# 2011 tail lights on a 2004 Phaeton?



## cowboy_ (May 16, 2011)

Will this ones fit on a 2004 Phaeton? I asked the seller and he says yes, but I'm not so sure about it (the backup light is on both lights, the outer and the inner light and on my car is only on the inner light so not so sure how will that work out of the box...)

http://www.ebay.de/itm/VW-Phaeton-3...its=Make:VW|Model:Phaeton&hash=item565763e576


----------



## PowerDubs (Jul 22, 2001)

Yes, they will physically fit, but as far as function? Unknown.

I've been looking for a set of those for a long time to try out.. but the price on that set is $$$$. He has had them listed for a loooong time.

Taking the exchange rate and shipping into account, you are pushing upwards of a $2,000 gamble.

There was a set last summer that sold for $650 (used). I still couldn't bring myself to gamble on them.


----------



## cowboy_ (May 16, 2011)

That's great news!

I have been playing with CAN messages for a while now and I think that even if they don't work electronically wise I can receive the message that is supposed to be turning on the different lights and translate that message to a valid message for this lights.

I was kind of concerned that they won't fit on the space and the bolts used on the current lights won't allow this new set of lights to fit in correctly.

Now I need to wait for the right lights to show up.

Thanks!
Juan


----------



## Tiger0002 (Apr 23, 2013)

You can use headlight plastic polishing kit on tail lights too. I have done this on mine. I think my car was transported with rear of the car faced front so there was rock chips and course feeling... so I used the headlight polish kit on my tail light and they look like brand new now.

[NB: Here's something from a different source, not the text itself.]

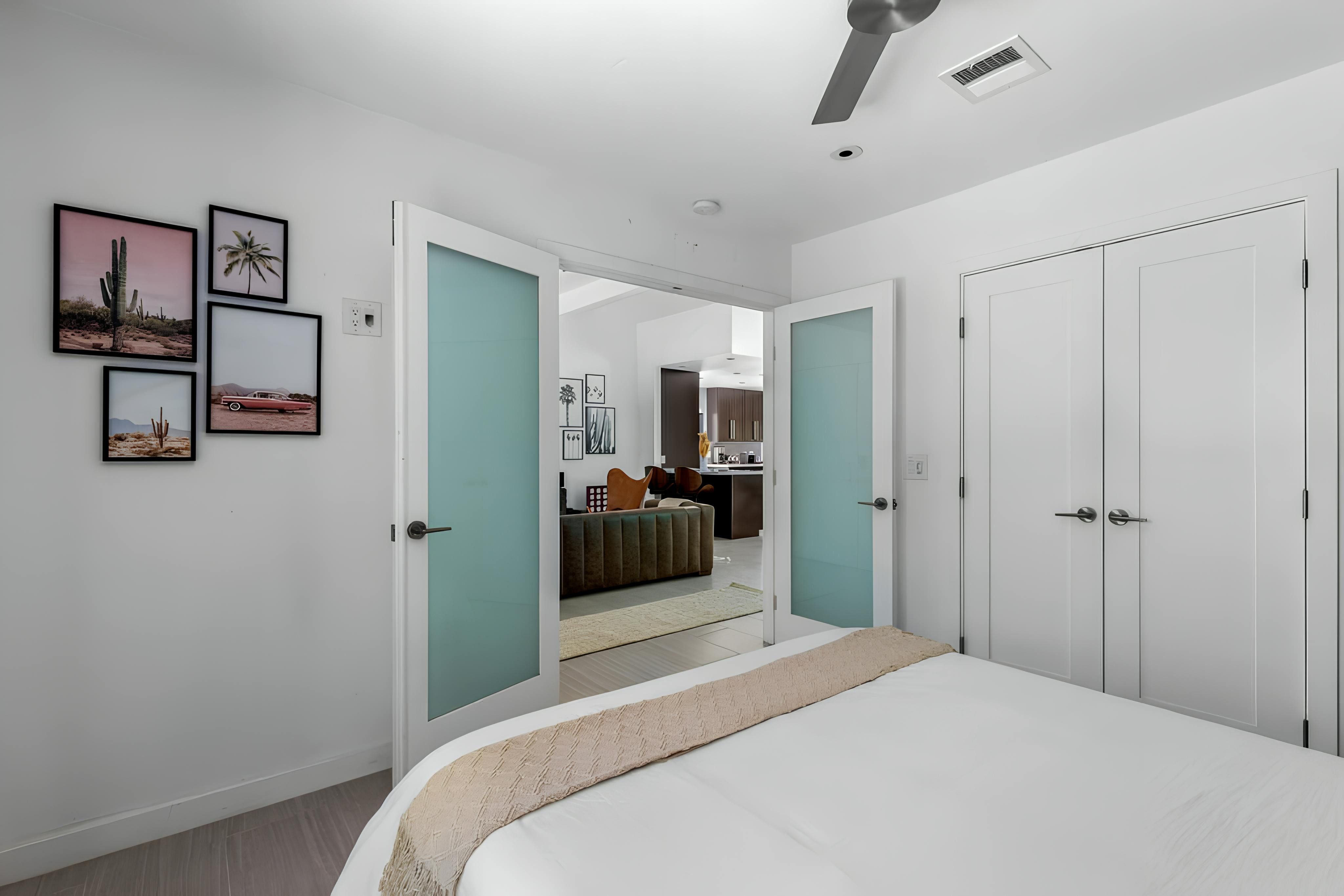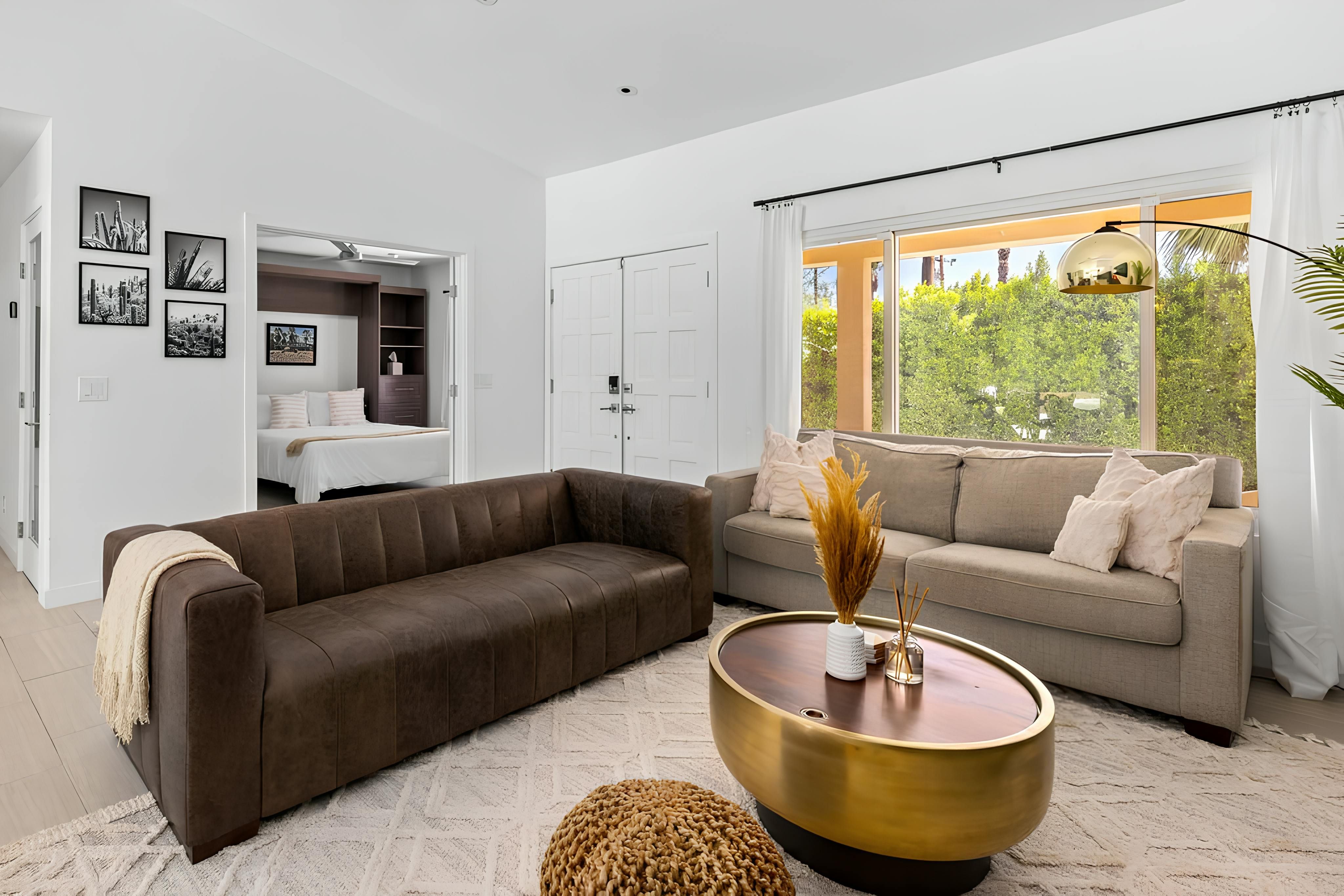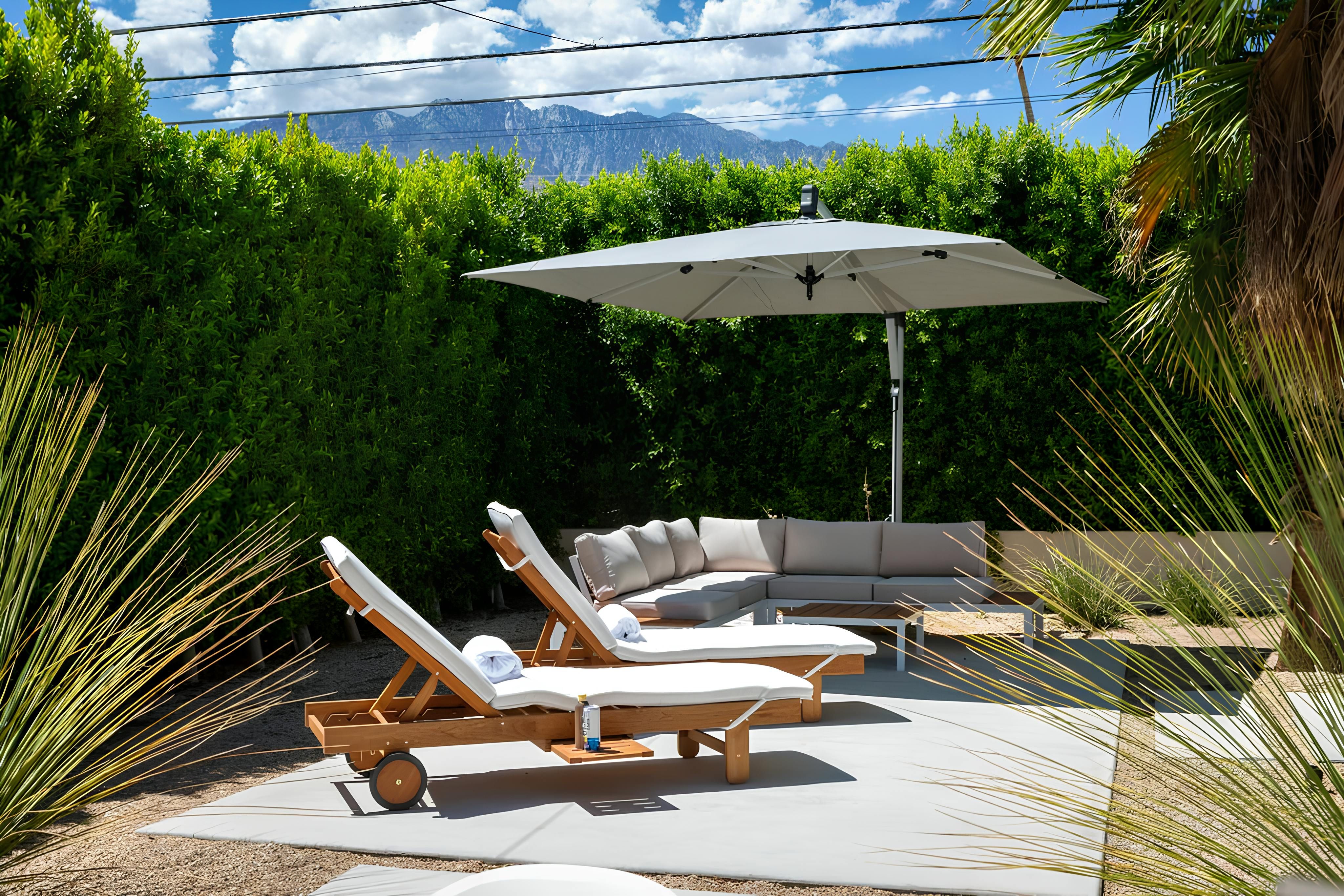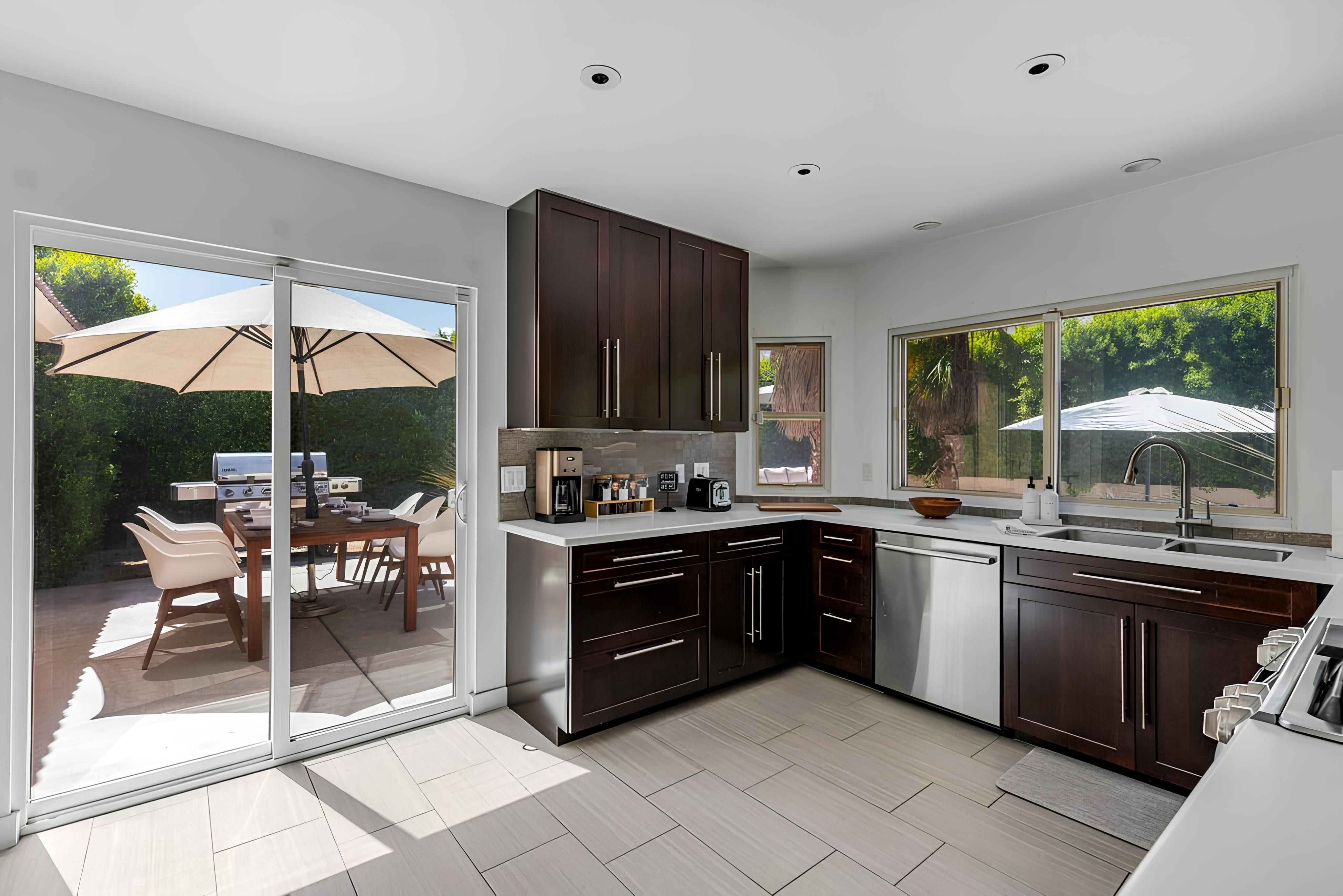 Welcome to LUX Palmas, your ultimate luxury oasis in gorgeous Palm Springs. This spectacular resort-style home is located just minutes from the airport and downtown, and only a 7 minute walk to the Sunrise Square shopping center where you'll find a grocery store, coffee shops and restaurants. It doesn't get more convenient than this! Indulge in the tranquility of your private paradise surrounded by lush tropical gardens and picturesque mountain views. Relax in the sun-drenched courtyard and take a dip in the sparkling turquoise pool or unwind under the shaded pergola with a refreshing cocktail. Inside, the contemporary decor embodies elegance and sophistication, creating a serene ambiance throughout. Each room exudes comfort and style, with luxurious furnishings and plush bedding ensuring a good night's sleep. Whether you're seeking total relaxation or an unforgettable desert adventure, LUX Palmas is the perfect retreat for creating lasting memories.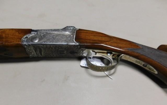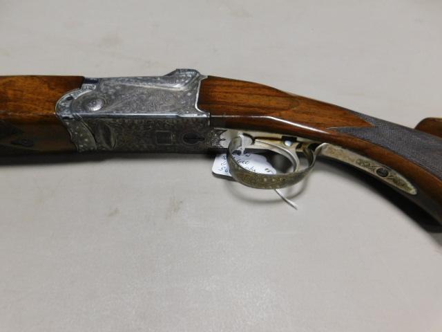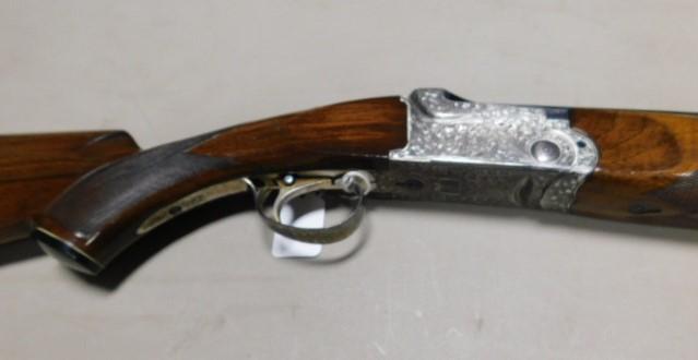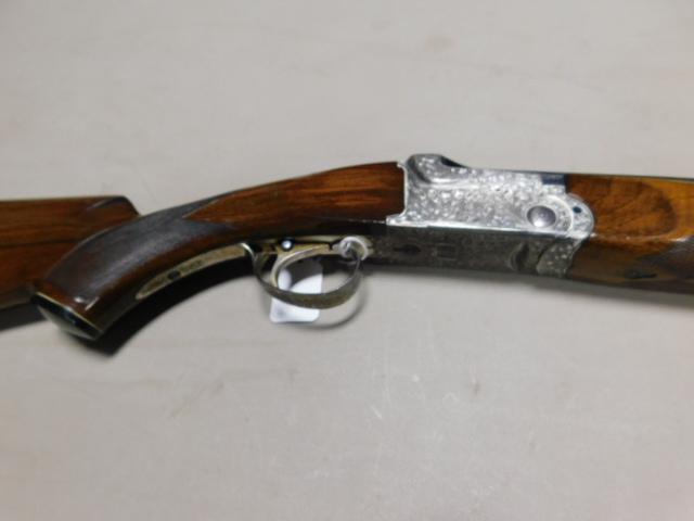 SKB 600 28 ga Over/Under with Walnut Stock has single trigger with pistol grip stock checkered grip and forearm. All moving parts seem tight and now wobble. Silver furniture with scrolling. FFL required

I used the Mother's Headlight polishing kit.


----------



## macaddiict (Feb 26, 2003)

Although I think the Phaeton looks fantastic with its default lights, I think it would be fun to update to these if a good deal became available. Has anyone found out if they would work on a NAR 2004 by chance?


----------



## Pasi.K. (Aug 3, 2003)

They work fine on my 2005 phaeton, have had them about a year now.
Only thing is that on the reverse lights you have to put resistors between the wires, due to the led reverse light. Otherwise electric conrol unit will shut down the reverse lights after 1-2seconds after engaging reverse.

Unless somebody knows how to code the central electrics so it will work without them?

Theres been a campaign for the early 2011 models, due to the brake lights wont work everytime. So if you get a hold of an used set, they might be for sale due to that. Might work fine or not.


----------



## Tiger0002 (Apr 23, 2013)

Pasi.K. said:


> They work fine on my 2005 phaeton, have had them about a year now.
> Only thing is that on the reverse lights you have to put resistors between the wires, due to the led reverse light. Otherwise electric conrol unit will shut down the reverse lights after 1-2seconds after engaging reverse.
> 
> Unless somebody knows how to code the central electrics so it will work without them?
> ...



Post a picture please!


----------



## macaddiict (Feb 26, 2003)

Pasi.K. said:


> They work fine on my 2005 phaeton, have had them about a year now.
> Only thing is that on the reverse lights you have to put resistors between the wires, due to the led reverse light. Otherwise electric conrol unit will shut down the reverse lights after 1-2seconds after engaging reverse.
> 
> Unless somebody knows how to code the central electrics so it will work without them?
> ...


Wow, that is fabulous news. Do you happen to know the resistor needed? I assumed the reverse lights in my 2004 Phaeton were LED -- whatever they are, the reverse lights are blinding.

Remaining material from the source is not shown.